The team has chosen countries in various stages of crisis, some acute, some chronic, and some considered post-crisis and undergoing the long process of recovery. Some like Nepal and Sri Lanka are dealing with the fallout from both natural disasters and long conflicts. Siriwardhana has highlighted how critical such research is in the wake of serious natural disasters, wars that are fuelling an ongoing refugee crisis on an unprecedented scale and even in coping with global epidemics like the Ebola. “We have seen so many of these crises in recent years and there is a corresponding increase of research attention, however a focus on ethics is important to prevent exploitation of vulnerable populations affected by these crisis situations,” he said.
The R2HC programme is funded equally by the Wellcome Trust and DFID, with Elrha overseeing the programme’s execution and management. For Siriwardhana’s team, who first applied in 2014, getting this funding has been a challenge but they are now ready to get to work. They will potentially be speaking to people involved in every stage of the research, from the lead investigators of various teams, to the participants and fieldworkers as well as members of various ethics review committees. They are going in aware of the power imbalances that do exist in many of these projects, not just between participants, researchers and regulatory bodies, but in the very fabric of north-south collaborations.
However, the researchers are taking care to emphasise this is “not an exercise in pointing fingers.” Says Siriwardhana: “This is not about looking for mistakes, this is about learning lessons and sharing for future improvements.” The goal is to use established clinical audit principles and practices to improve current ethics practices. Post-study, the data and analysis will be used to create a post-research ethics analysis (PREA) tool, allowing researchers to share their experiences from the field and learn from those of others.
Once developed and tested, the English language version of the PREA tool will be made freely available for translation and adaptation for other non-humanitarian settings. It will be supported by an online site that will bring together existing and evolving ethical guidance on health research in humanitarian crises. Constantly evolving, the site will enable active information sharing on a range of ethical challenges linked to specific cultures, geographical regions, humanitarian crises types, research designs and collaborations.

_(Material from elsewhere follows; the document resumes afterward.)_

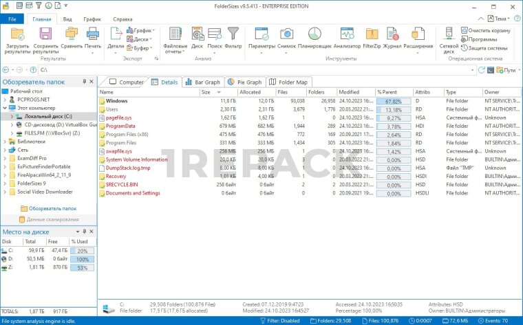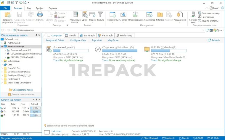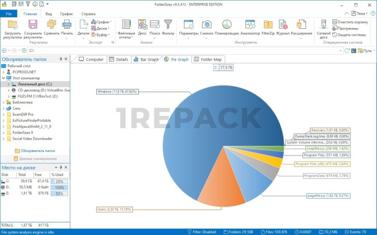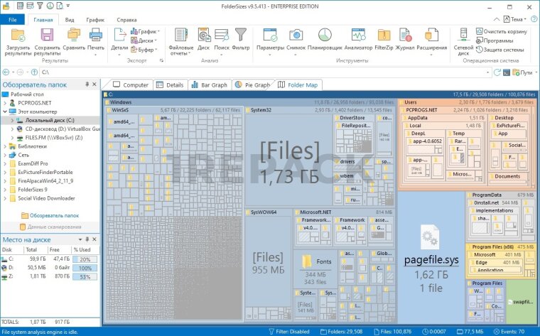 FolderSizes — это программное обеспечение для анализа и управления использованием дискового пространства на компьютерах. Программа позволяет пользователям детально изучать структуру папок и файлов, выявляя объекты, занимающие больше всего места. Интерфейс разработан с упором на удобство, обеспечивая интуитивно понятную навигацию и доступ к основным функциям без необходимости глубоких технических знаний.Основные функции FolderSizes включают сканирование жёстких дисков и других накопителей для определения размеров папок и файлов, а также предоставление визуальных отчётов о распределении пространства. Программа поддерживает различные методы визуализации, такие как деревья каталогов, круговые диаграммы и тепловые карты, что позволяет легко идентифицировать крупные файлы и ненужные данные. Кроме того, FolderSizes предлагает инструменты для фильтрации и сортировки результатов, упрощая поиск конкретных объектов.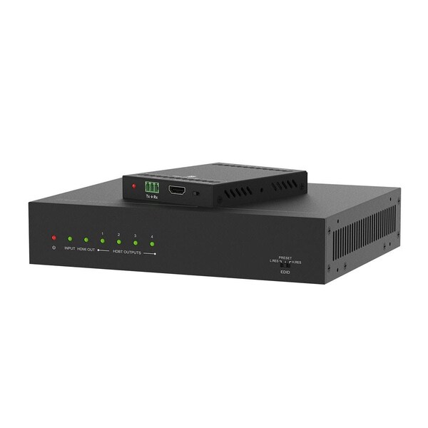 The BlackbirdTM HDBaseTTM 1x4 Splitter and Extender features a single HDMI® input; which splits into four HDBaseT outputs and an HDMI pass-through output for connecting a local HDMI display. It supports video resolutions up to 1080p@60Hz and all HDMI audio formats. It can extend the HDBaseT signal to the included HDBaseT receiver to distances up to 492 feet (150 meters) using a single Cat6 Ethernet cable. It supports the Power over Cable (PoC) feature; which allows the receivers to be powered by the splitter over the Ethernet cable connection. It supports bidirectional IR extension and RS-232 serial control. How it Works Features Splits a single HDMI® input to four HDBaseTTM outputs Includes an HDMI pass-through output for connecting a local display Supports video resolutions up to 1080p@60Hz; as well as all HDMI audio formats Extends 1080p@60Hz signals to distances up to 492 feet (150 meters) over a single Cat6 Ethernet cable Supports the Power over Cable (PoC) feature; allowing the HDBaseT receivers to be powered by the splitter over the Ethernet cables Supports bidirectional IR control Supports RS-232 control Features smart EDID® management with the ability to use fixed EDID using the rear panel DIP switches Compatible with the HDMI 1.4 and HDCPTM 2.2 specifications What's in the Box? 1x BlackbirdTM HDBaseTTM 1x4 splitter and extender • 4x HDBaseT receivers • 2x Splitter short mounting ears • 2x Splitter long mounting ears • 8x Receiver mounting ears • 12x Mounting ear screws • 20x Plastic feet • 1x IR receiver • 4x IR transmitters • 1x RS-232 cable (3-pin to DB9) • 4x 3-pin Euroblock connectors • 1x AC power adapter (24 VDC; 2.71A) with attached NEMA 1-15 US standard plug • 1x User's manual Buy with Confidence Monoprice not only stands behind every product we sell with a 3 year replacement warranty; we offer a 30-day money back guarantee as well! If the product you purchase does not satisfy your needs; send it back for a full refund. Quality at a Fair Price Monoprice's rugged design and rigid quality control standards deliver high quality products at fair prices. Hassle Free Packaging Monoprice exists to bring simplicity; fairness; and confidence to technology choices. This product features recyclable packaging that is simple to open; cost effective; with minimal waste; and fully protective as it travels to you. Service & Support You're never on your own with Monoprice products! We have a full team of friendly and knowledgeable technicians available to answer your questions; both before and after the sale. Contact our technical support team for questions about our products; troubleshooting; or even suggestions for products to fit your particular needs. Not to be outdone; our friendly and helpful customer service team is here to make your ordering; delivery; and any possible returns a quick and painless operation; from start to finish! Support Files: User's Manual (Feb 21; 2018) BlackbirdTM is a trademark of Monoprice Inc. HDBaseTTM and the HDBaseT Alliance logo are trademarks of the HDBaseT Alliance. HDMI®; the HDMI Logo; and High-Definition Multimedia Interface are trademarks or registered trademarks of HDMI Licensing LLC in the United States and other countries. EDID® is a registered trademark of the Video Electronics Standards Association. HDCPTM is a trademark of Digital Content Protection LLC. Updated Aug 13; 2019

Ultimately, Siriwardhana says their goal is to make a mobile application complete with videos and educational material that is available freely in different language versions. The goal is for this process to be incorporated into the ethics review process itself, implying a fundamental change in approach to health research.

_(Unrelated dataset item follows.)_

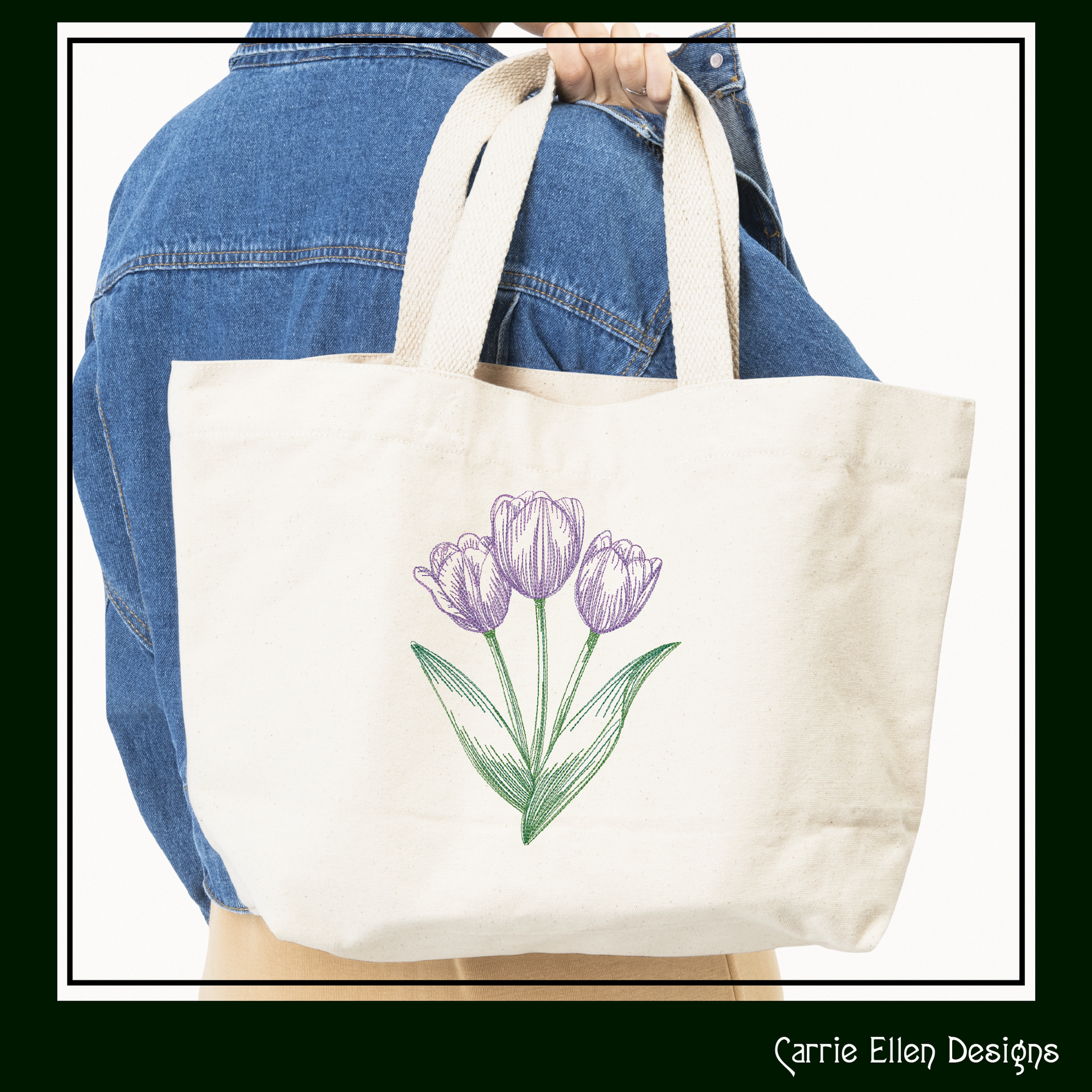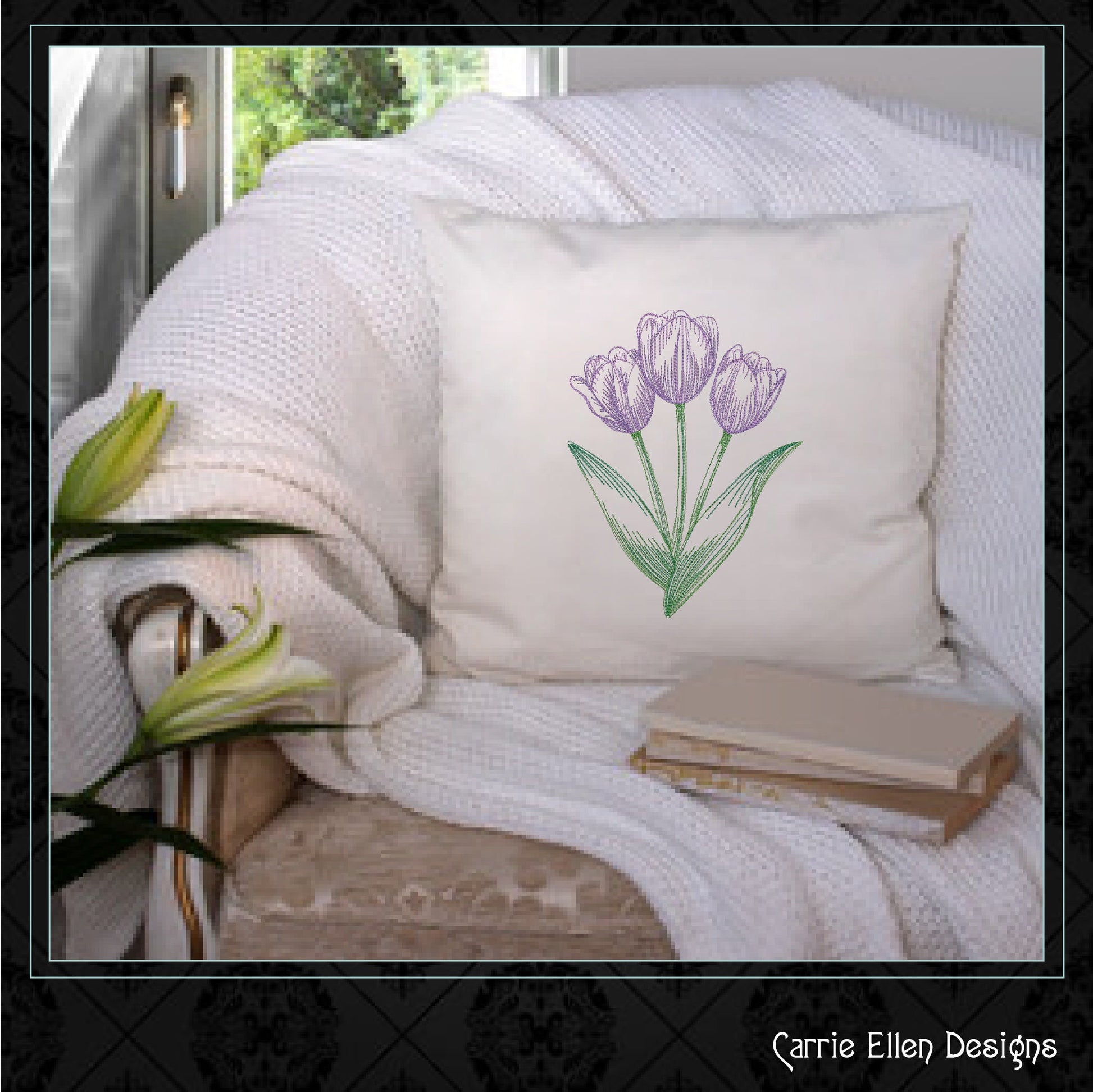 Tulips Embroidery Design | Sketched Floral Tulip Machine Embroidery Pattern | Delicate Flower Bunch in 6 Sizes (1943)

“It is crazily ambitious,” admits Siriwardhana. The team are anticipating country specific challenges, but they hope that the research community will see how essential this work is. After all, their success will be determined in part by whether people at every step along the research chain are willing to ask themselves some tough questions and truly evolve in their practice. “We want to create as much discussion as possible,” says Siriwardhana.
Published in Sunday Times, Sri Lanka on 30 October, 2016. By Smriti Daniel.